Content starts

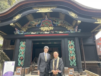 Botschafter Iwama besuchte darüber hinaus den Hōgon-ji-Tempel auf der Insel Chikubu. In diesem Tempel befindet sich das einzige noch erhaltene Karamon-Tor der „Gokuraku-Brücke“. Im österreichischen Schloss Eggenberg, das zum UNESCO-Weltkulturerbe zählt, ist ein Paravent aus der Toyotomi-Zeit mit einer Darstellung von Osaka und diesem Torzu sehen. Für das Jahr 2025 haben das Tourismusbüro der Stadt Graz, das Universalmuseum Joanneum und die Abteilung für internationale Tourismusförderung der Tourismusvereinigung der Präfektur Shiga (Biwako Visitors Bureau) eine Vereinbarung über eine Zusammenarbeit im Tourismusbereich unterzeichnet.
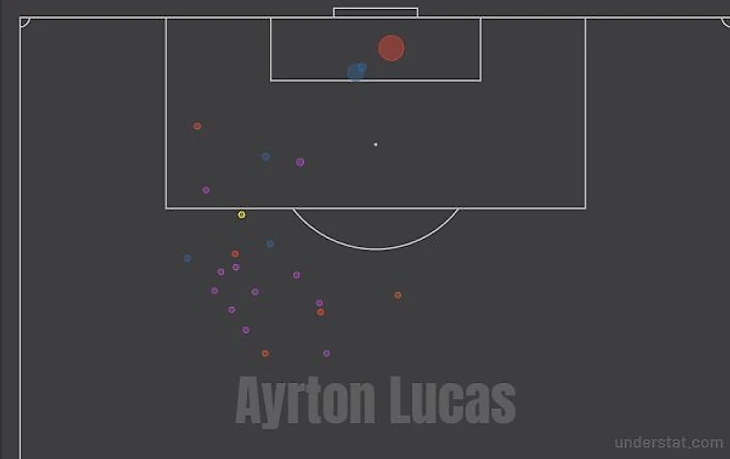 Интересным показателем является среднее количество передач: 41,3 за игру. По этой статистике Айртона опережают центральные защитники, игроки, тяготеющие к правому флангу (Рассказов и Зобнин), а также опорный хавбек Крал. Бразилец явно предпочитает самостоятельно тащить мяч к чужим воротам и бить со смещением в центр. Вот его удары в этом сезоне:
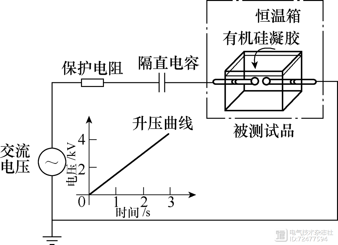 研究人員測試了有機硅凝膠的熱特性,分析了溫度對有機硅凝膠工頻耐電特性的影響機制。溫度升高時,有機硅凝膠的自由體積增大,分子鏈段運動加??;且有機硅凝膠內(nèi)部載流子遷移率增大,漏電流增加,故溫度升高后,有機硅凝膠的擊穿電壓降低。
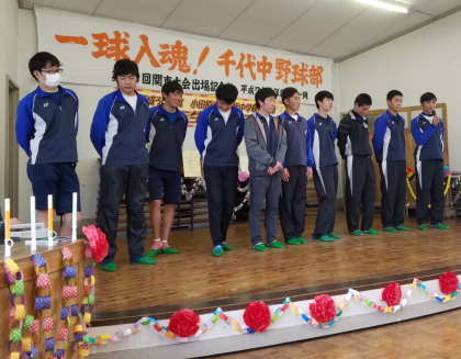 3年生から一言。そして、1・2年生から「記念品」を贈りました。
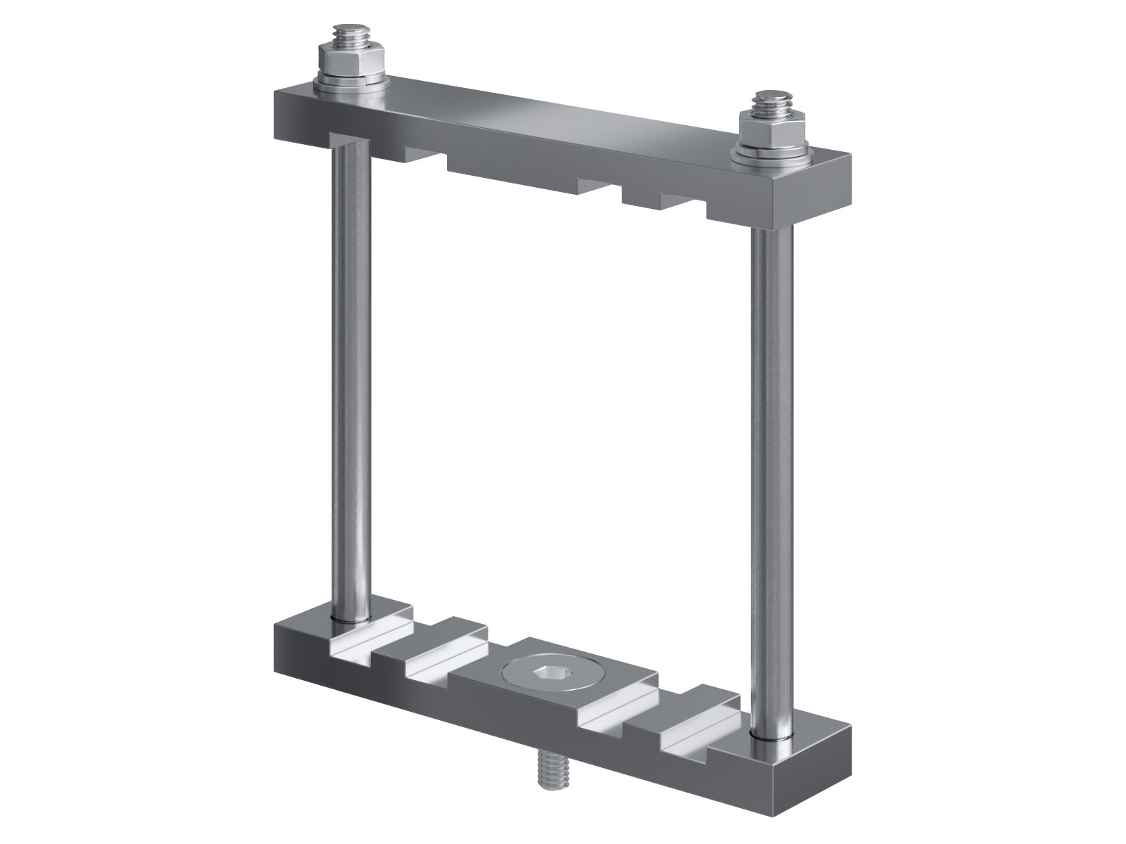 Schienenträger aus vernickeltem Messing zur Befestigung und Sicherung von Stromschienen aus Kupfer

Content ends

Only the text of the records is to be reproduced exactly; skip the pictures.

 Botschafter Iwama besuchte darüber hinaus den Hōgon-ji-Tempel auf der Insel Chikubu. In diesem Tempel befindet sich das einzige noch erhaltene Karamon-Tor der „Gokuraku-Brücke“. Im österreichischen Schloss Eggenberg, das zum UNESCO-Weltkulturerbe zählt, ist ein Paravent aus der Toyotomi-Zeit mit einer Darstellung von Osaka und diesem Torzu sehen. Für das Jahr 2025 haben das Tourismusbüro der Stadt Graz, das Universalmuseum Joanneum und die Abteilung für internationale Tourismusförderung der Tourismusvereinigung der Präfektur Shiga (Biwako Visitors Bureau) eine Vereinbarung über eine Zusammenarbeit im Tourismusbereich unterzeichnet.
 Интересным показателем является среднее количество передач: 41,3 за игру. По этой статистике Айртона опережают центральные защитники, игроки, тяготеющие к правому флангу (Рассказов и Зобнин), а также опорный хавбек Крал. Бразилец явно предпочитает самостоятельно тащить мяч к чужим воротам и бить со смещением в центр. Вот его удары в этом сезоне:
 研究人員測試了有機硅凝膠的熱特性,分析了溫度對有機硅凝膠工頻耐電特性的影響機制。溫度升高時,有機硅凝膠的自由體積增大,分子鏈段運動加??;且有機硅凝膠內(nèi)部載流子遷移率增大,漏電流增加,故溫度升高后,有機硅凝膠的擊穿電壓降低。
 3年生から一言。そして、1・2年生から「記念品」を贈りました。
 Schienenträger aus vernickeltem Messing zur Befestigung und Sicherung von Stromschienen aus Kupfer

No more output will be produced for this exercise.